Dppd verbs¶
Pandas DataFrame methods¶
Within a dp(), all pandas.DataFrame
methods and accessors work
as you’d expect them to [1].
Example:
>>> dp(mtcars).rank().pd.head(5)
name mpg cyl disp hp drat wt qsec vs am gear carb
0 18.0 19.5 15.0 13.5 13.0 21.5 9.0 6.0 9.5 26.0 21.5 25.5
1 19.0 19.5 15.0 13.5 13.0 21.5 12.0 10.5 9.5 26.0 21.5 25.5
2 5.0 24.5 6.0 6.0 7.0 20.0 7.0 23.0 25.5 26.0 21.5 4.0
3 13.0 21.5 15.0 18.0 13.0 8.5 16.0 26.0 25.5 10.0 8.0 4.0
4 14.0 15.0 25.5 27.5 21.0 10.5 19.0 10.5 9.5 10.0 8.0 12.5
You can even continue working with Series within the dp and convert them back to a DataFrame later on:
>>> dp(mtcars).set_index('name').sum().loc[X > 15].to_frame().pd
0
mpg 642.900
cyl 198.000
disp 7383.100
hp 4694.000
drat 115.090
wt 102.952
qsec 571.160
gear 118.000
carb 90.000
concat¶
concat
combines this DataFrame and another one.
Example:
>>> len(mtcars)
32
>>> len(dp(mtcars).concat(mtcars).pd)
64
unselect¶
unselect
drops by column specification
[2].
Example:
>>> dp(mtcars).unselect(lambda x: len(x) <= 3).pd.head(1)
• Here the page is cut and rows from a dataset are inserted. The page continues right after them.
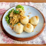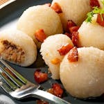 Kluski śląskie lub kopytka podawane z masełkiem lub okrasą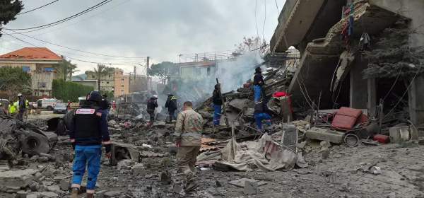 PICTURED ABOVE: First aid responders are seen at the site of an Israeli airstrike that targeted the southern Lebanese village of Kfar Roummane. War in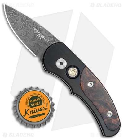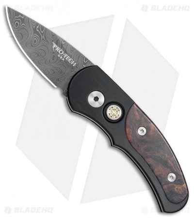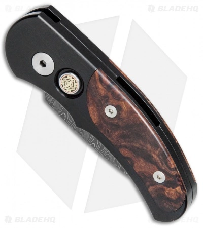 This custom J4 Runt features a black aluminum handle with jewelry grade desert ironwood inlays, a mosaic pin push button, and a hand forged Damascus steel blade. Includes a satin finished titanium pocket clip.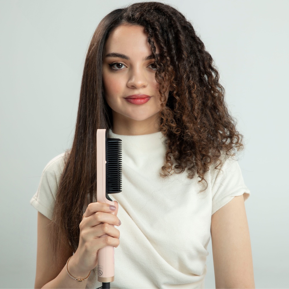 – تم تصميم الفرشاة بصفائح أيونية، وبشكل جديد يسهل عملية فرد الشعر بسلاسة وفي أسرع وقت، ويدوم لوقت أطول. -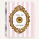 Este adorable cuaderno es perfecto para su próximo brunch, fiesta de cumpleaños o fiesta de soltero. El diseño presenta un fondo de rayas rosas y blancas con un marco ornamentado alrededor de un timbre con un texto que dice "presione para tomar champán". Puedes cambiar la palabra champagne a cualquier cosa que tu corazón desee haciendo clic en "personalizar esta plantilla".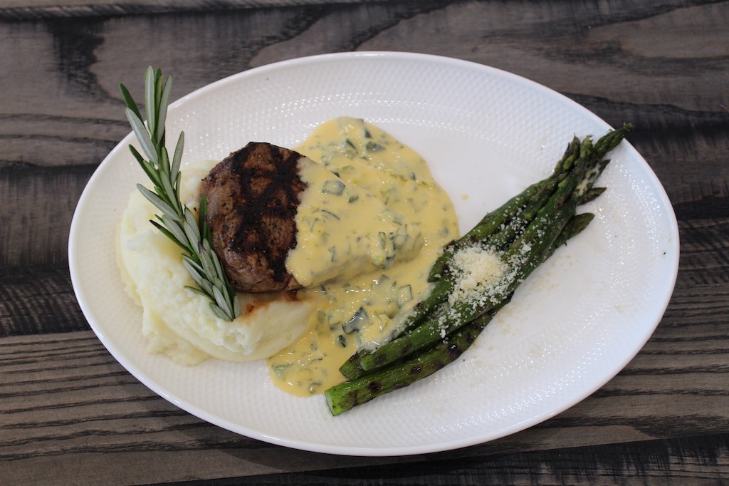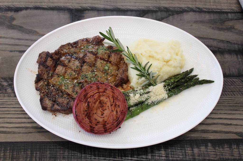 Topped with herb butter and served with a grilled sweet onion, loaded baked potato and grilled asparagus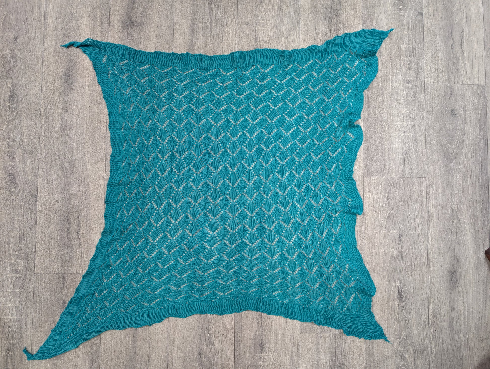 Measures approx 24" x 26" unstretched but has lots of stretch and movement due to the way it is knitted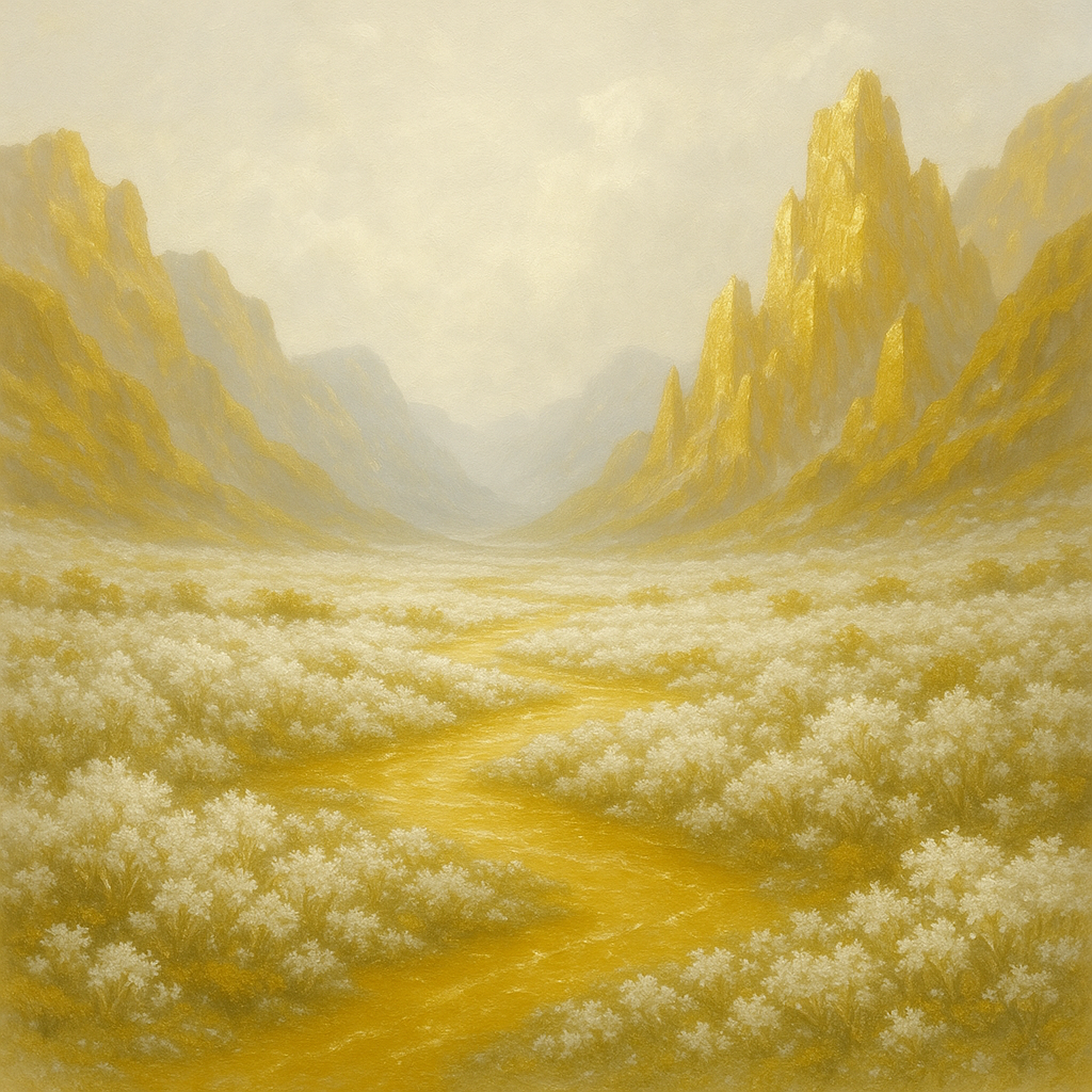 Des rivières de miel lumineux serpentent entre les plaines et les vallées cristallines. Leur flux visqueux n’est pas seulement métaphorique : il constitue une véritable énergie nutritive, capable de renforcer les séraphins et d’alimenter les forges spirituelles. Ces cours liquides sont jalousement protégés, car ils figurent parmi les ressources les plus précieuses du royaume.

name disp drat qsec gear carb
0 Mazda RX4 160.0 3.9 16.46 4 4
distinct¶
distinct
selects unique rows, possibly
only considering a column specification
.
Example:
>>> dp(mtcars).distinct('cyl').pd
name mpg cyl disp hp drat wt qsec vs am gear carb
0 Mazda RX4 21.0 6 160.0 110 3.90 2.62 16.46 0 1 4 4
2 Datsun 710 22.8 4 108.0 93 3.85 2.32 18.61 1 1 4 1
4 Hornet Sportabout 18.7 8 360.0 175 3.15 3.44 17.02 0 0 3 2
transassign¶
transassign
creates a new DataFrame based on
this one.
Example:
>>> dp(mtcars).head(5).set_index('name').transassign(kwh = X.hp * 0.74).pd
kwh
name
Mazda RX4 81.40
Mazda RX4 Wag 81.40
Datsun 710 68.82
Hornet 4 Drive 81.40
Hornet Sportabout 129.50
add_count¶
add_count
adds the group count to each row.
This is a good example verb to get started on writting own.
Example:
>>> dp(mtcars).groupby('cyl').add_count().ungroup().sort_index().head(5).select(['name','cyl','count']).pd
name cyl count
0 Mazda RX4 6 7
1 Mazda RX4 Wag 6 7
2 Datsun 710 4 11
3 Hornet 4 Drive 6 7
4 Hornet Sportabout 8 14
as_type¶
as_type
quickly converts the type of columns by
a column_specification.
Example:
>>> dp(mtcars).astype(['-qsec', '-name'], int).pd.head()
name mpg cyl disp hp drat wt qsec vs am gear carb
0 Mazda RX4 21 6 160 110 3 2 16.46 0 1 4 4
1 Mazda RX4 Wag 21 6 160 110 3 2 17.02 0 1 4 4
2 Datsun 710 22 4 108 93 3 2 18.61 1 1 4 1
3 Hornet 4 Drive 21 6 258 110 3 3 19.44 1 0 3 1
4 Hornet Sportabout 18 8 360 175 3 3 17.02 0 0 3 2
[1] | Except for the deprecated pandas.DataFrame.select() , which is shadowed
by our verb select . |
[2] | ‘drop’ is already a pandas method name - pandas.DataFrame.drop() |
categorize¶
Turn columns into pandas.Categoricals. Default categories are unique values in the order they appear in the dataframe. Pass None to use sorted unique values (ie. pandas.Categorical default behaviour).
unique_in_order¶
Does what it says on the tin.
binarize¶
Convert categorical columns into ‘regression columns’, i.e. X with values a,b,c becomes three binary columns X-a, X-b, X-c which are True exactly where X was a, etc.
rename_columns / reset_columns¶
Wraps df.columns = … into an inline call. Accepts either a list, a function, a callable (called once for each column with the old columnl, or a string (for single column dataframes). Also accepts None, which resets the columns to list(X.columns) (useful to work around a categorical-columns-can’t-add-any bug).
ends¶
heads and tails at once.
natsort¶
Sort via the natsort package.
display¶
call display(X) - for inline display in jupyter notebooks.